Clinical pharmacokinetics of gentamicin

Objectives: The objectives of this study were to: (1) derive equations for estimating gentamicin clearance (Cl_gent) and volume of distribution (V_d) based on the local population attending Al-Amiri Hospital, Kuwait; (2) independently evaluate these equations by comparison with other published methods in their predictive ability to estimate Cl_gent and V_d. Materials and Methods: Cl_gent and V_d were calculated in 47 patients (group 1) using the Sawchuk-Zaske method.

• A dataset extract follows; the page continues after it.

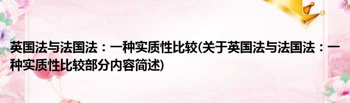导读 大家好,今天小方来说说一篇关于英国法与法国法:一种实质性比较,关于英国法与法国法:一种实质性比较部分内容简述的文章,那么现在就为大

Regression analysis was used to derive a correlation between creatinine clearance (Cl _cr) and Cl_gent, V_d and actual body weight (ABW). Based on actual Cl_gent and V_d values, the predictive ability of the estimated parameters from the regression equations was validated and compared with 4 published methods using mean error (ME), i.e. bias, and mean squared error (MSE) and root mean squared error (RMSE), i.e. precision. All equations were also evaluated in an independent second group (group 2) of 23 patients. Results: The mean ± SD values of Cl _gent and V_d were 4.0 ± 1.8 l·h^-1 and 16.8 ± 6.7 liters, respectively. The derived equations were: Cl _gent = (0.760) (Cl_cr) + 1.117 (r = 0.701) and V _d = (0.165) (ABW) + 5.604 (r = 0.532). In comparison to the 4 published methods, the derived equations were less biased (ME = 0.00) and more precise (MSE = 1.68, RMSE = 1.02) in predicting Cl_gent (p < 0.05), and less biased (ME = -0.01) with no difference in precision (MSE = 36.22, RMSE = 4.59) in predicting V_d (p > 0.05). This precision was confirmed in the second group of 23 patients, where the derived equations were less biased (ME = -0.1) and more precise (MSE = 3.22, RMSE = 1.48) in predicting Cl_gent (p < 0.05), whilst no difference was found for prediction of V_d (p > 0.05). Conclusion: The equations developed in this study provided a reliable estimation of Cl_gent and V_d. It is planned to use them at Kuwait Hospitals to help provide more individualized patient dosing information to physicians.